SOURCE DATA:

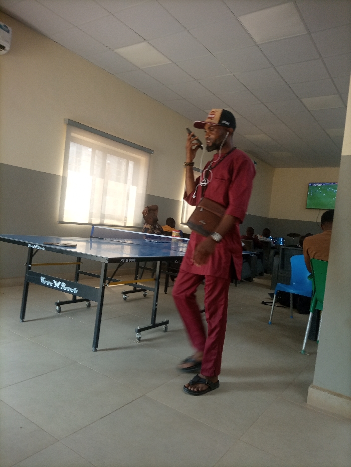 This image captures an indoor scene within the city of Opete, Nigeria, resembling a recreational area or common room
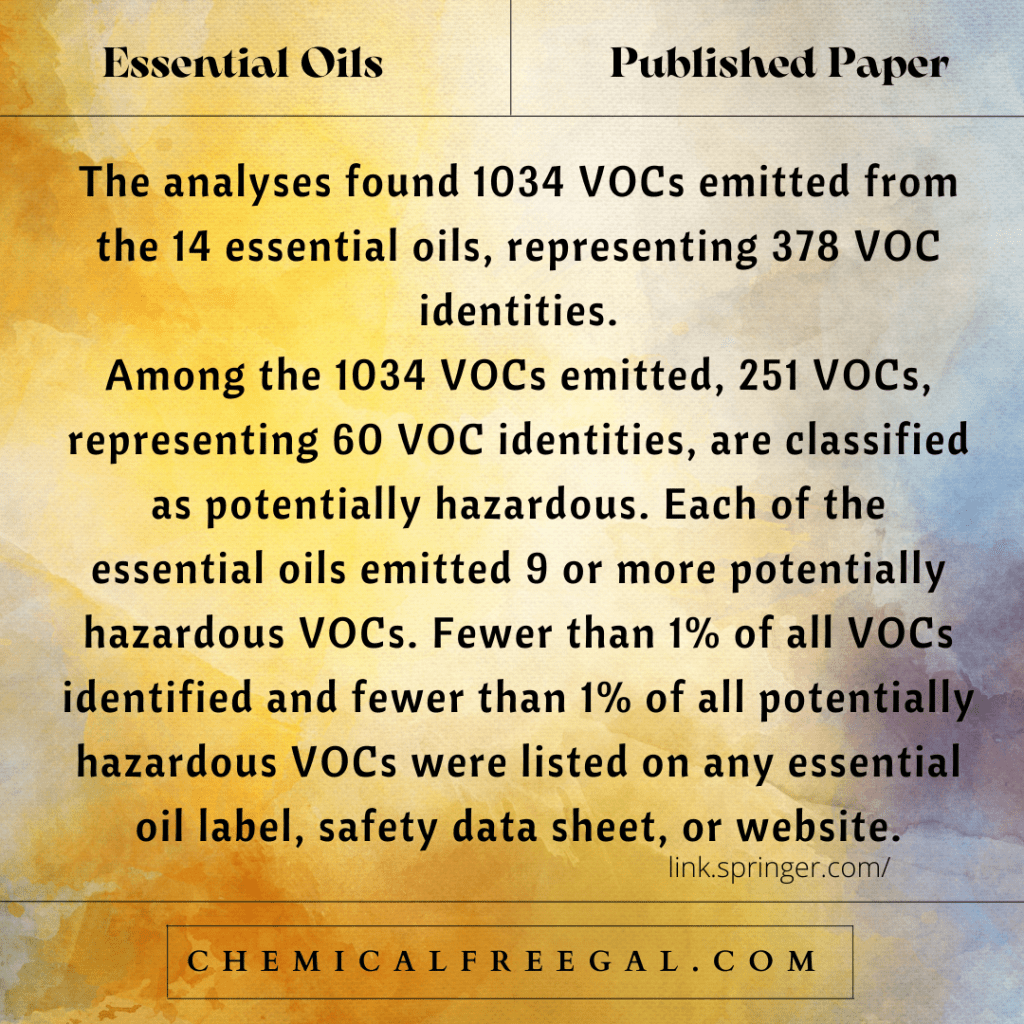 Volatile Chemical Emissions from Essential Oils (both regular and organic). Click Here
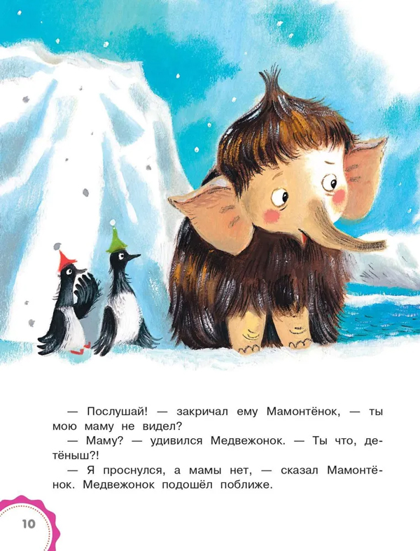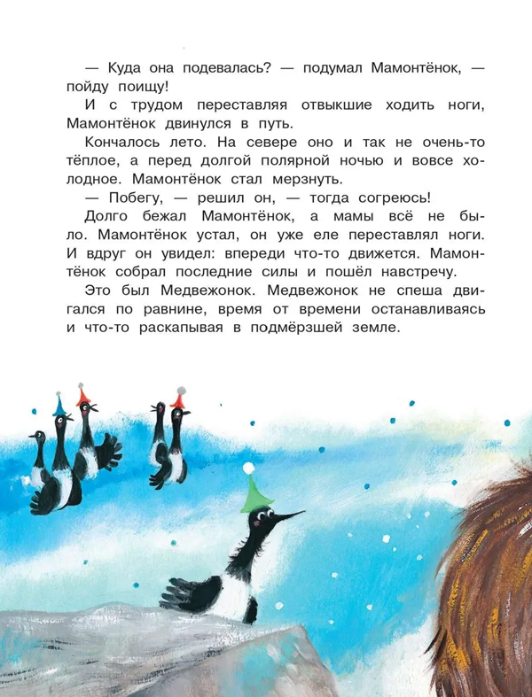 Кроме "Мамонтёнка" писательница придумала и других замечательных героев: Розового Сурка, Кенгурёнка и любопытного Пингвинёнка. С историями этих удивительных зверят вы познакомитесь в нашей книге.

==

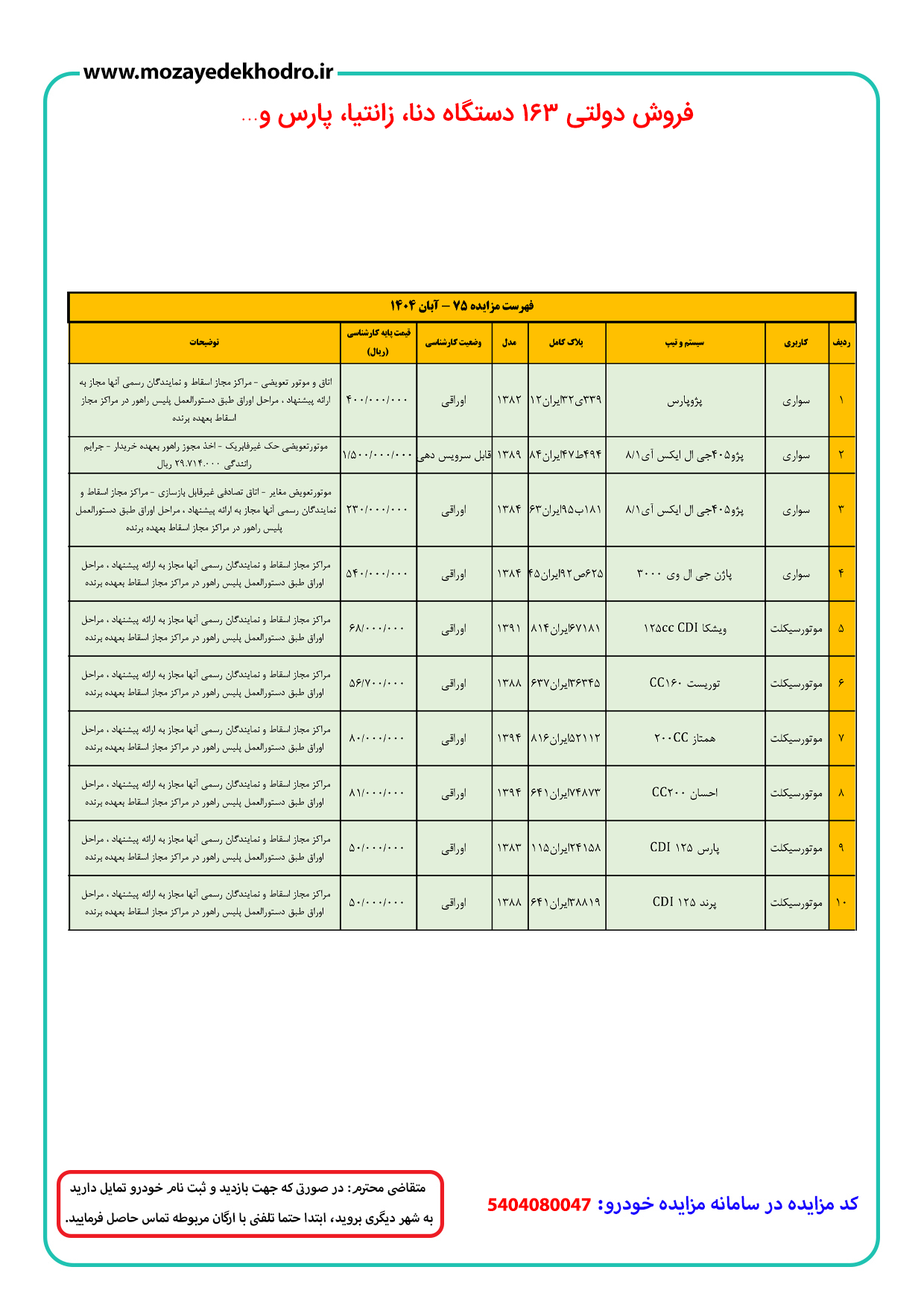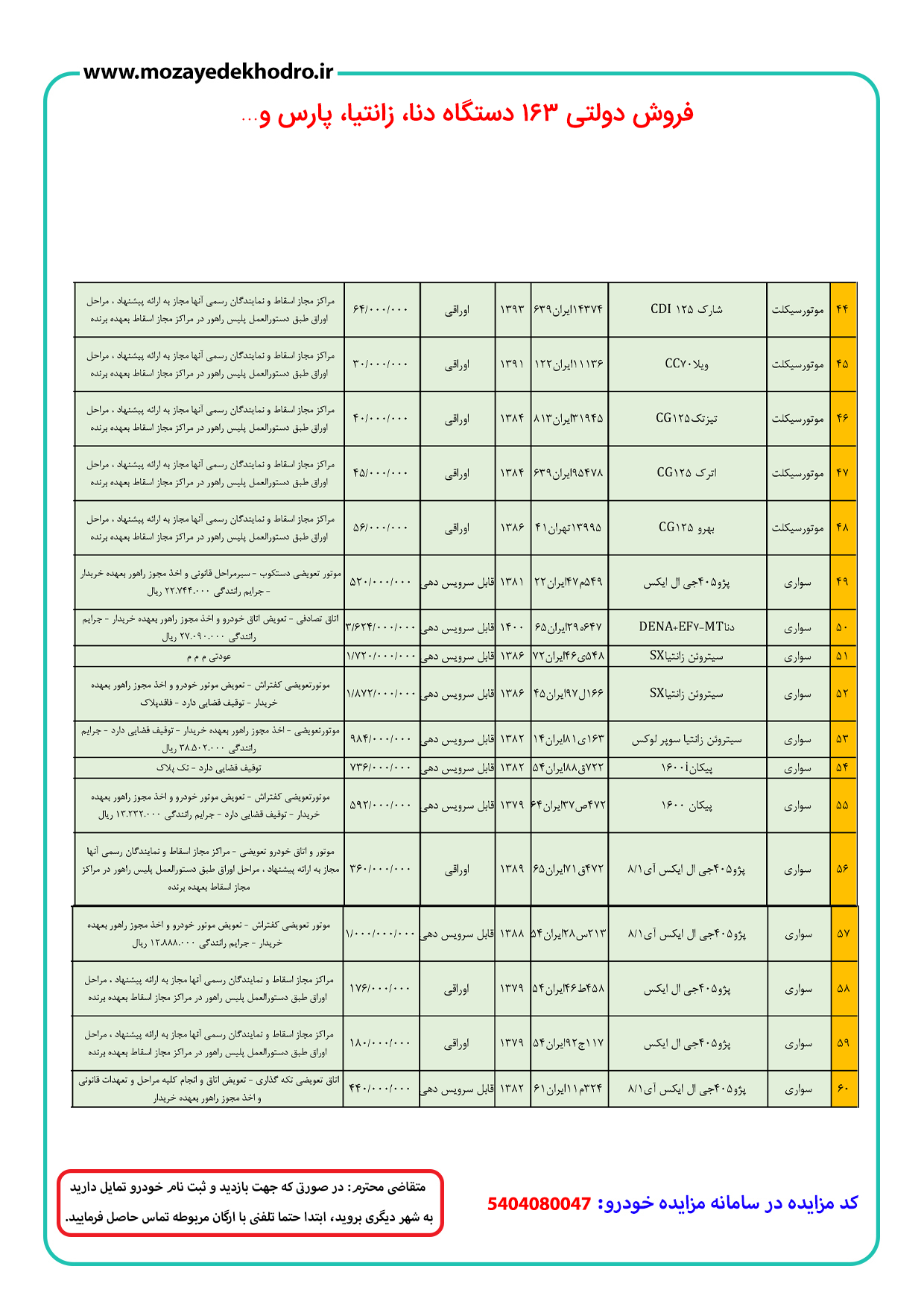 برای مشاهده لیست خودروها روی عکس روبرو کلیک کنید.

---

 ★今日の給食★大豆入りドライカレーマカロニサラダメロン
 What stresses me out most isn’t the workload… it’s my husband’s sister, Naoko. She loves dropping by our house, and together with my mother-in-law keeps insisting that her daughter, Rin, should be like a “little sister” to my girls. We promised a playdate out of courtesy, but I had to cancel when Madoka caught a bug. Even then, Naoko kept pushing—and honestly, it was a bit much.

EXERCISE: Using the data above, print only the lines starting at the one with "This image captures" and ending at the one with "в нашей книге.", exactly as they stand, minus the pictures.

YOUR RESPONSE:
 This image captures an indoor scene within the city of Opete, Nigeria, resembling a recreational area or common room
 Volatile Chemical Emissions from Essential Oils (both regular and organic). Click Here
 Кроме "Мамонтёнка" писательница придумала и других замечательных героев: Розового Сурка, Кенгурёнка и любопытного Пингвинёнка. С историями этих удивительных зверят вы познакомитесь в нашей книге.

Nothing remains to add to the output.